- Logo by Edward J. Repka

Background information
- Origin: Los Angeles, California, U.S.
- Genres: Thrash metal; crossover thrash;
- Years active: 1986–1995; 2008–2012; 2016–present;
- Label: Steamhammer
- Spinoff of: Abattoir; Agent Steel;
- Members: Juan Garcia; Albert Gonzales; Karlos Medina; Rob Alaniz; Phil Flores;
- Past members: Steve Nelson; Mark Caro; Dan Roe; Dan Flores; Mel Sanchez; Doug Clawson; Joe Montelongo; Jon Dette; Eddie Livingston;

= Evildead =

American thrash metal band

Evildead is an American thrash metal band formed in Los Angeles in 1986. The band was originally composed of members of two former bands, Agent Steel and Abattoir, including guitarist Juan Garcia, who is their only remaining original member. During their initial nine-year run, Evildead released two studio albums: Annihilation of Civilization (1989) and The Underworld (1991). Evildead suffered from extended inactivity due to lineup changes and problems with making a third album, which resulted in their breakup in 1995. After a reunion from 2008 to 2012, the band reformed once again in 2016, and have since released two more studio albums: United $tate$ of Anarchy (2020) and Toxic Grace (2024).

==History==
===Formation and first two albums (1986–1992)===

Evildead was formed in 1986, initially as a side-project of Agent Steel guitarist Juan Garcia and Abattoir bassist Mel Sanchez, with the intention to write heavy music with more hardcore and thrash metal elements, more so than their bands at the time. Evildead paved new ground with their ferocious approach to songwriting, but also followed a style similar to that of their peers (including Testament, Vio-lence, Dark Angel and Sacred Reich), with lyrics exploring political and social themes mixed with humor, and horror and nuclear war topics. Their band name was inspired by the Sam Raimi horror film The Evil Dead.

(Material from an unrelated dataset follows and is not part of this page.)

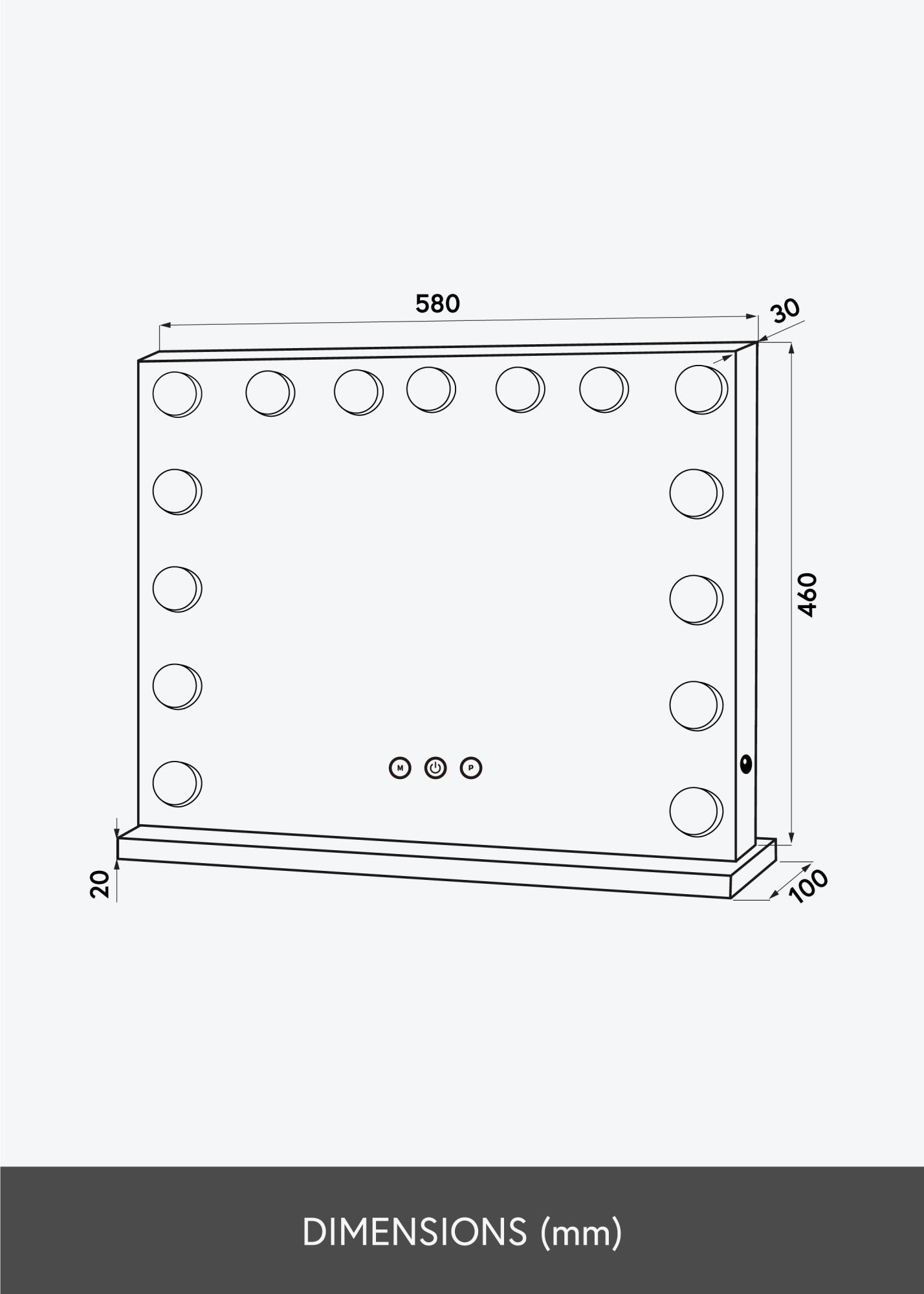Avec ce miroir, vous pouvez créer un coin maquillage luxueux dans votre maison. Le miroir a une forme rectangulaire élégante et un éclairage intégré qui fournit une lumière uniforme pour vous refléter. Son design élégant permet au miroir d'être également utilisé comme un détail d'intérieur tendance fournissant au salon ou au hall d'entrée un éclairage d'ambiance. L'éclairage dimmable du miroir comprend 15 LED qui encadrent la surface réfléchissante de 58x46 cm. La lumière s'ajuste à l'aide des boutons tactiles à l'avant du miroir. Les boutons tactiles sont marqués avec des lettres - "P" pour le réglage de la luminosité et "M" pour le réglage de la température de couleur.

In 1988, the band signed a recording contract with the European label Steamhammer Records and released Rise Above (a three-track EP featuring the songs "Sloe-Death", "Run Again" and the title track which is a cover version of the Black Flag song) in the following year. They followed it up with their debut full-length album Annihilation of Civilization (released in 1989) to rave reviews. A music video was released for the title track, and it received airplay on MTV's Headbangers Ball.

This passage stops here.